Household Survey Data
In August, the unemployment rate edged down to 5.1 percent, and the number of unemployed persons edged down to 8.0 million. Over the year, the unemployment rate and the number of unemployed persons were down by 1.0 percentage point and 1.5 million, respectively.
Among the major worker groups, the unemployment rate for whites declined to 4.4 percent in August. The rates for adult men (4.7 percent), adult women (4.7 percent), teenagers (16.9 percent), blacks (9.5 percent), Asians (3.5 percent), and Hispanics (6.6 percent) showed little change in August.
… In August, the civilian labor force participation rate was 62.6 percent for the third consecutive month. The employment-population ratio, at 59.4 percent, was about unchanged in August and has shown little movement thus far this year.
… Establishment Survey Data
Total nonfarm payroll employment rose by 173,000 in August. Over the prior 12 months, employment growth had averaged 247,000 per month. In August, job gains occurred in health care and social assistance and in financial
activities. Employment in manufacturing and mining declined.
Health care and social assistance added 56,000 jobs in August. Health care employment increased by 41,000 over the month, with job growth occurring in ambulatory health care services (+21,000) and hospitals (+16,000). Employment rose by 16,000 in social assistance, which includes child day care services and services for the elderly and disabled. Over the year, employment has risen by 457,000 in health care and by 107,000 in social assistance.
… The change in total nonfarm payroll employment for June was revised from +231,000 to +245,000, and the change for July was revised from +215,000 to +245,000. With these revisions, employment gains in June and July combined were 44,000 more than previously reported. Over the past 3 months, job gains have averaged 221,000 per month.

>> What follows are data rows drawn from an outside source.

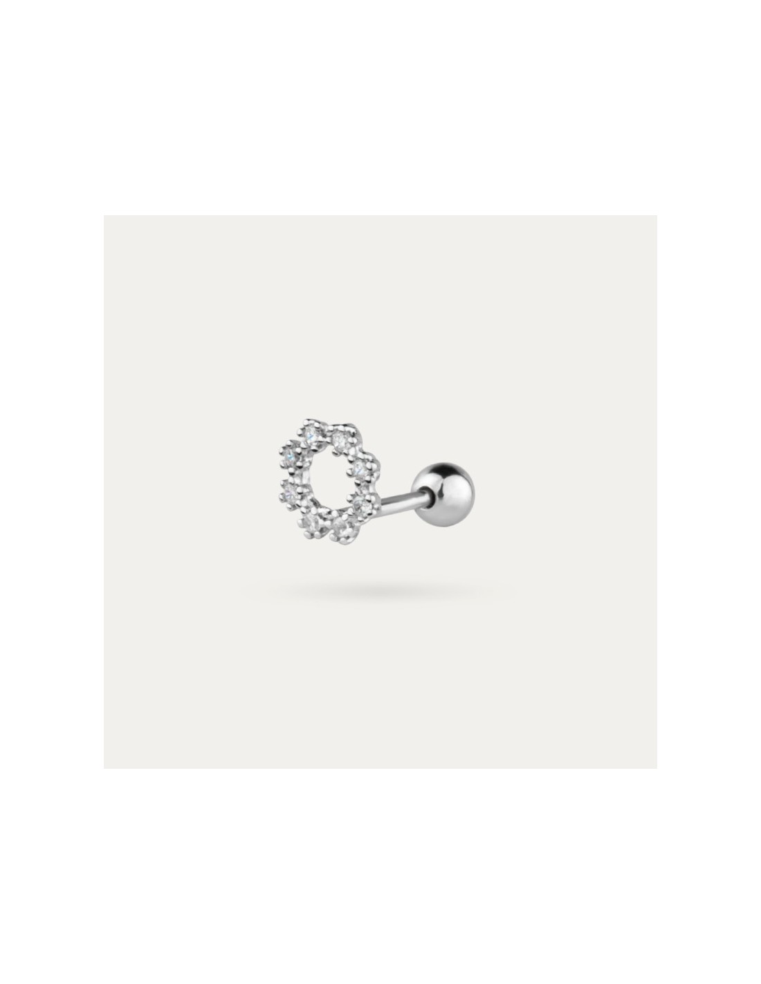 Pendiente estilo piercing de bola con rosca, fabricado en Plata de Primera Ley con circonitas formando un circulo. Un complemento versátil y que podrás utilizar en tu día a día.
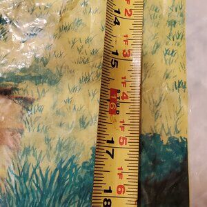 Plastic (thin) Mat is 32" wide x 20" long - slight crinkles as normal wear. One miniscule tear (app. 1/4 to 1/2 inch) - can be taped - see photo showing length of 20" - tear is shown in that photo.
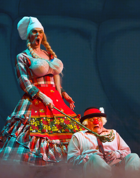 Зато к мужским голосам придраться было практически невозможно. Андрей Решетников в роли Короля Треф порадовал обертоновым богатством своего баса, Ильгам Валиев – корректной фразировкой и убедительной игрой в абсолютно идиотической роли Принца. Так же хороши были Александр Кульга в роли Леандра и акробатически фееричный Владимир Ворошнин в роли Труффальдино: у обоих драматическая органичность прекрасно сочетались с тембровой чистотой и качеством звуковедения. Тонкой карикатурностью и шикарными нижними нотами раскрасил роль Кухарки - единственного персонажа, вызывающего во всем этом прокофьевском балагане настоящую симпатию, — Александр Колесников.
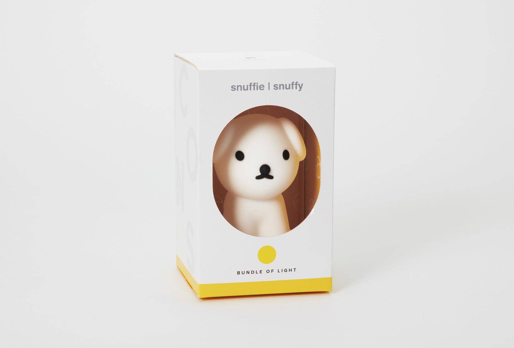 Bring home the Snuffy Bundle of Light, a mini LED night light from the Miffy and Friends collection by Mr Maria. Made of soft BPA-free silicone, this dog-shaped lamp offers a cozy warm glow—perfect as a child-safe night light, a playful décor accent, or a thoughtful gift.
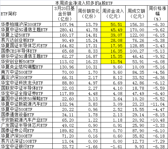 数据显示,华泰柏瑞沪深300ETF、华夏上证50ETF、易方达创业板ETF三只基金,三月份以来净流入资金分别为63.45亿元、58.23亿元、12.82亿元,同样位居排行榜前列。
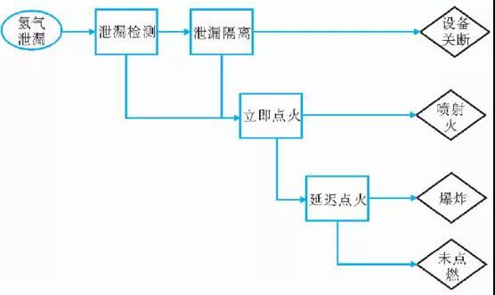 a)依據(jù)加氫站事故樹,氫氣泄漏事故場景分為噴射火、爆炸和僅泄漏3大類,基于選定的典型泄漏尺寸,計(jì)算泄漏量,進(jìn)而得到點(diǎn)火概率,最終推算出不同事故場景的發(fā)生概率。
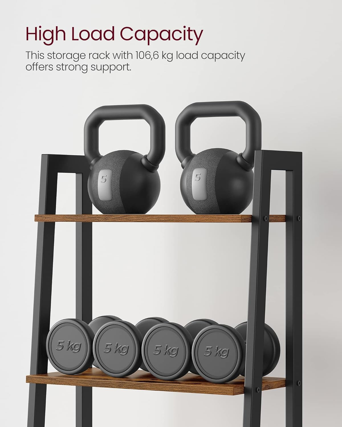 Specificatii: Culoare: Maro rustic, negru Material: Placi aglomerate, otel Dimensiunea produsului: 56 x 34 x 172 cm (L x l x i) Greutatea produsului: 15,3 kg Max. Capacitate de incarcare statica a fiecarui nivel: 5 kg Despre acest articol Proiectat dintr-un cadru solid, intarit de bare in forma de X, echilibrat de picioare reglabile si asigurat de un kit anti-inclinare, acest raft este foarte stabil.Realizat cu un cadru solid din otel si placi aglomerate de calitate, acest raft cu 5 nivele este durabil pentru o utilizare pe termen lung.Acest raft de depozitare cu dimensiuni de 32 x 56 x 172 cm ofera mult spatiu, ocupand in acelasi timp putin spatiu pe podea. Rafturile sunt la o distanta de 33 cm unul fata de celalalt si tin chiar si obiectele mai inalte.Folositi-l ca raft de depozitare in camera de zi, ca suport pentru plante pe balcon, ca raft de carti in biroul de acasa sau ca raft de depozitare in bucatarie - oriunde l-ati amplasa, este intotdeauna util.Piesele numerotate si instructiunile usor de urmat va vor ajuta sa finalizati asamblarea acestui raft independent fara efort.
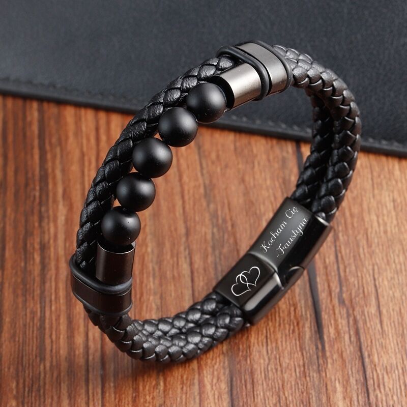 ELEGANCKA bransoletka męska KORALIKI z grawerem

The prior-month pickups are helpful, but (again pending a look at the raw numbers) they serve to show that August saw things weaken.
Not Seasonally Adjusted Benchmarks Comparison: Whoa, this is really ugly —
- Total nonfarm payrolls — Benchmark: +500,000. Actual: +258,000. That’s the worst raw figure since 2010.
- Private sector — Benchmark: +275,000. Actual: +71,000. That’s also the worst raw figure since 2010 — by over 100,000..
I’ll put up the revised tables in a bit, but I can say that the seasonally adjusted results (+173K overall and +140K for the private sector) both look overstated by 50K-75K. How convenient that Team Obama catches a (manipulated?) “break” just before the Labor Day weekend.
I’ll have other observations shortly.
HERE WE GO (references are to seasonally adjusted figures unless otherwise noted):
- As usual, the unemployment rate dropped because the labor force shrunk by 41,000. The “not in labor force” figure is now an all-time record 94.031 million.
- While the white unemployment rate dropped from 4.6 percent to 4.4 percent. The black unemployment rate rose to 9.5 percent from 9.1 percent.
- After 94 long months, seasonally adjusted full-time employment (122.024 million) finally exceeded the 121.875 million seen in November 2007. This is a volatile stat, so don’t be surprised if it falls back below the 2007 high during the next month or two.
- Here’s a stunner — employment in the 25-54 age group (about 65 percent of the workforce), aka the “prime working years,” has only increased by 1.001 million in the past year (from 95.627 million to 96.628 million). Meanwhile, employment among those who are 55 and over (about 22 percent of the workforce) is up by even more (from 32.395 million to 33.423 million).
- Establishment Survey job additions have the usual additions to the temp workforce (+10.7K) and Food and Drinking Places (+26.1K). Meanwhile employment in mining (-10K) and manufacturing (-17K) fell.